My son is now 2 years old, and my anxiety about him has never left. It’s always something else. He isn’t eating enough. He’s too short. His hair took too long to grow in. He isn’t eating dinner, again. At dinner time, I will leave the table and my son will eat his dinner with his dad because his anxious mother is finally out of the room. She isn’t hovering over him, forcing a spoon in his mouth, asking him if he’s hungry and ignoring his response of “No.” No wasn’t an option. He was lying. He has to be hungry. Why isn’t he eating as much as he did yesterday? 

My poor child. My anxiety is a battle for us, and it’s something I’m constantly trying to get a grip of. The time will come where I will need to sit him down and explain mommy’s anxiety and mental health issues, and I am not looking forward to that. How do I tell him? How do I explain that mommy isn’t superwoman, but an anxious mess? 

Wait a minute! Rewind that last sentence! 
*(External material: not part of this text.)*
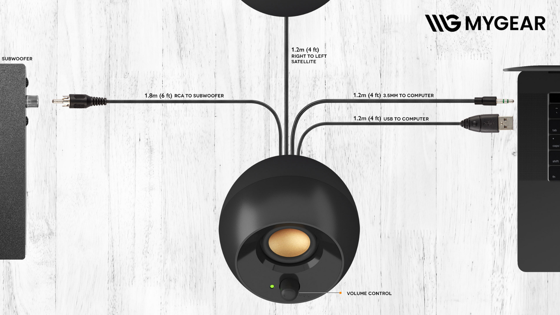 | Khối lượng | Loa trái: 300g | Loa phải: 340g | Subwoofer: 1.05kg |
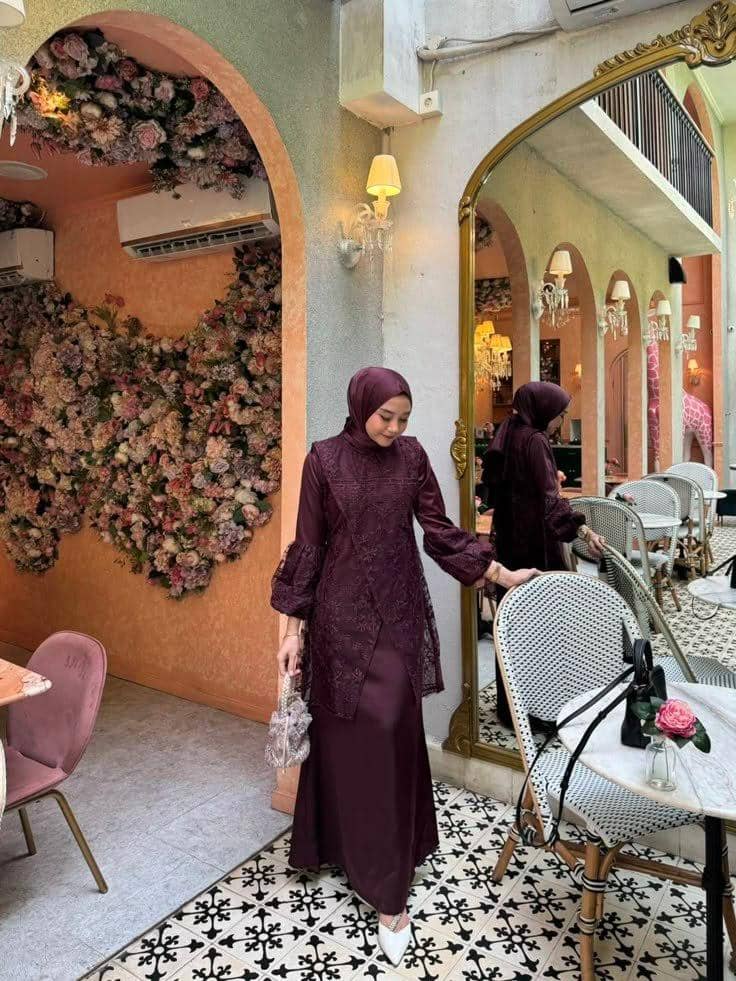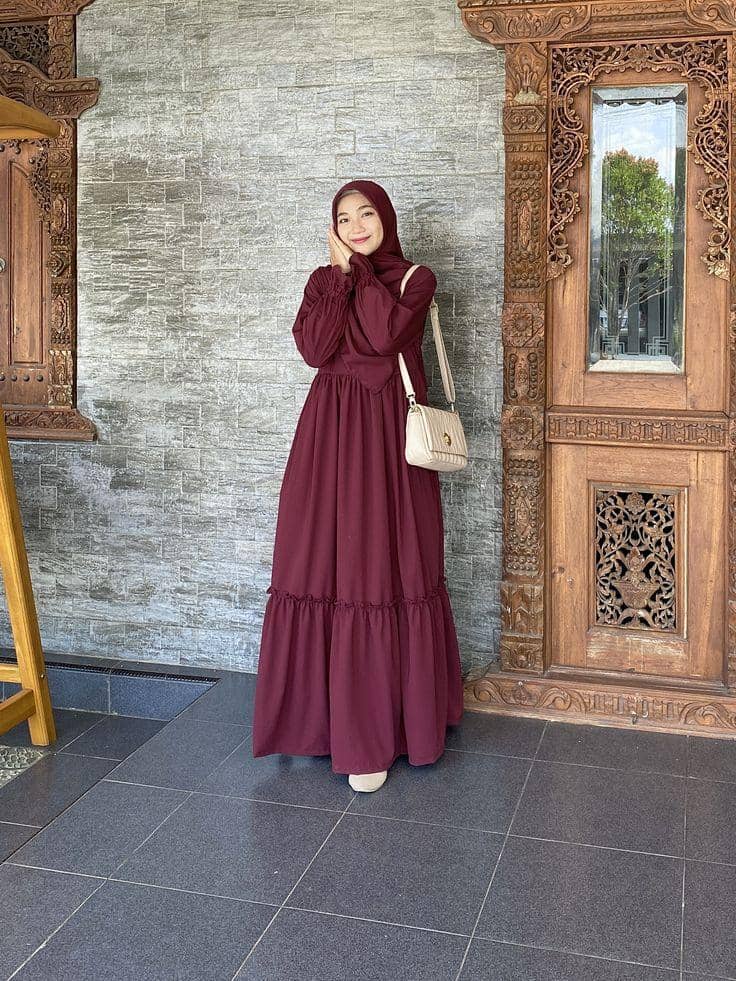 Kebaya modern berwarna burgundy menampilkan gaya feminin yang tetap relevan dengan zaman. Potongan sederhana yang dipadukan dengan kain tradisional memberikan sentuhan modis tanpa meninggalkan warisan budaya. Warna burgundy memberikan nuansa baru pada kebaya untuk Lebaran. Kebaya warna burgundy ini cocok dipadukan dengan bawahan berwarna netral seperti putih, krem, atau abu-abu, menciptakan kesan elegan dan modern.Gamis rimpel yang cantik dan elegan

Mommy is a superwoman, like all mothers who want only the best for the child and do everything for them to ensure they reach their potential. Mommy is someone who will love that boy more than anyone else in the world. We do our bests day in and day out, and we aren’t perfect. I’ll never be perfect, but I’ll never stop trying to be a role model for my son. I worry he will inherit my anxiety. I think about how to explain the feelings to him and how to teach him coping mechanisms, but then I reign it in… let’s cross that bridge when we get to it. My son is not an anxious boy; he is a busy boy. A healthy, curious, inquisitive, intelligent, typical 2-year-old boy who has maddening temper tantrums one second and is laughing the next. Deep breath, mama! You’re doing great! I often have to remind myself of that. He is fed, clothed, and has a roof over his head. He is happy. Why am I worried if he is happy? Because anxiety doesn’t give a shit. It is there, lurking over your shoulder like a creepy old lady at the slots waiting for your machine to cash so she can cash in. 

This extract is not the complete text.